About 31 percent of women and 19 percent of men ages 40 or older have been diagnosed with arthritis. The prevalence of the joint disease rises steadily with age, and by age 80, 57 percent of women and 40 percent of men are affected, according to the study, published in the Statistics Canada journal Health Reports.

The results were derived from two large, ongoing Canadian studies: the Canadian Community Health Survey and the National Population Health Survey.

Fewer died from West Nile

Last year's outbreak of West Nile virus was the largest yet, but fewer people died or had serious brain damage from it compared with 2002, federal officials said yesterday.

The 9,006 cases of the mosquito-borne virus last year were more than double the 4,156 cases in 2002, although officials at the Centers for Disease Control and Prevention said the larger number of cases may reflect more testing.

CDC officials still consider 2002 to be the worst year for the United States because of 284 deaths and 2,944 cases of severe brain damage. Last year, 220 people died and 2,695 suffered severe neurological disease, the CDC said.

The virus is spread to people from mosquitoes that have fed on infected birds, the virus' main host.

Hair dyes linked to cancer

Scientists have found more evidence for a possible link between the long-term use of dark hair dye and non-Hodgkin's lymphoma. A study of more than 1,300 women in Connecticut shows that those who began coloring their hair before 1980 increased their chance of developing the disease by 40 percent.

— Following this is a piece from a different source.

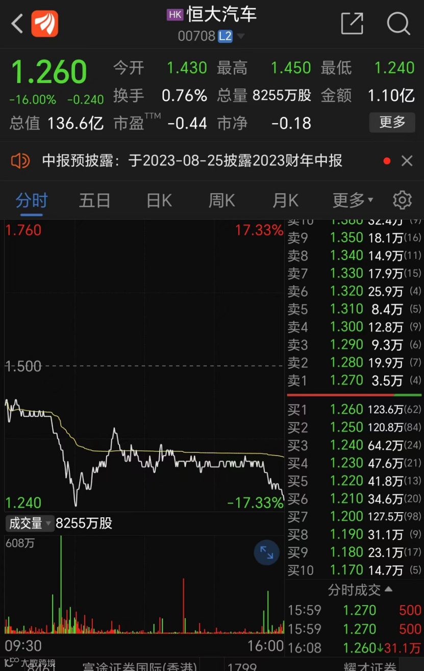 外媒的消息被国内媒体转载后迅速发酵登上热搜。8月18日,恒大系股票恒大汽车和恒大物业开盘均下跌超15%。截至收盘,恒大汽车报收1.26港元/股,下跌16%;恒大物业报收0.6港元/股,下跌9.09%。
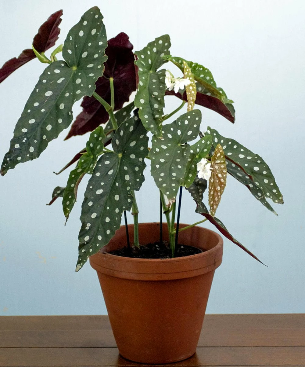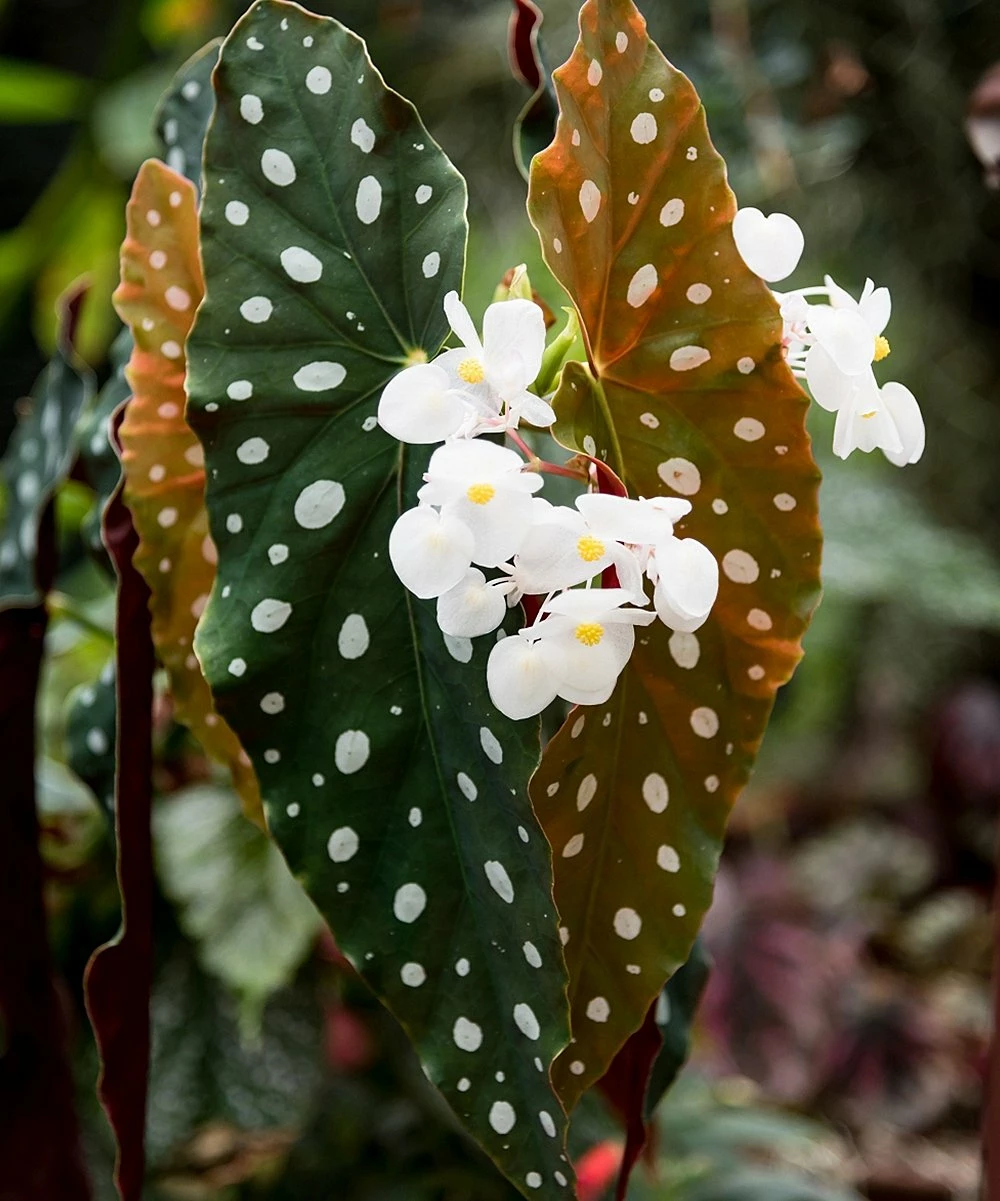 Every season is show season for βPolka Dotβ! Silvery dots decorate the upper sides of its olive-green, heart-shaped leaves while the reverse side boasts an eye-catching red-Bordeaux color. From late winter to early spring, it produces clusters of large white flowers held on a single flower stem. This exotic houseplant will amaze everyone with its unique appearance!

Among the women who used dark colors -- browns, reds and black -- and dyed their hair frequently (eight times a year or more) for at least 25 years, the risk doubled, said Dr. Tongzhang Zheng, an epidemiologist at Yale University, who led the study. The results are published in the current issue of the American Journal of Epidemiology.

"For those who used light colors, there was no such increase in risk," Zheng noted.

Nor was there significantly in- creased risk among women who used non-permanent dyes. The difference between permanent and non-permanent dyes is that permanent ones are mixed with an oxidizing agent. In that process, new chemicals are created, some of which may be carcinogenic, Zheng said.

Non-Hodgkin's lymphoma is a cancer that begins in the lymph system. The average American woman has a one in 57 chance of developing the disease in her lifetime. For a man, the chance is one in 48.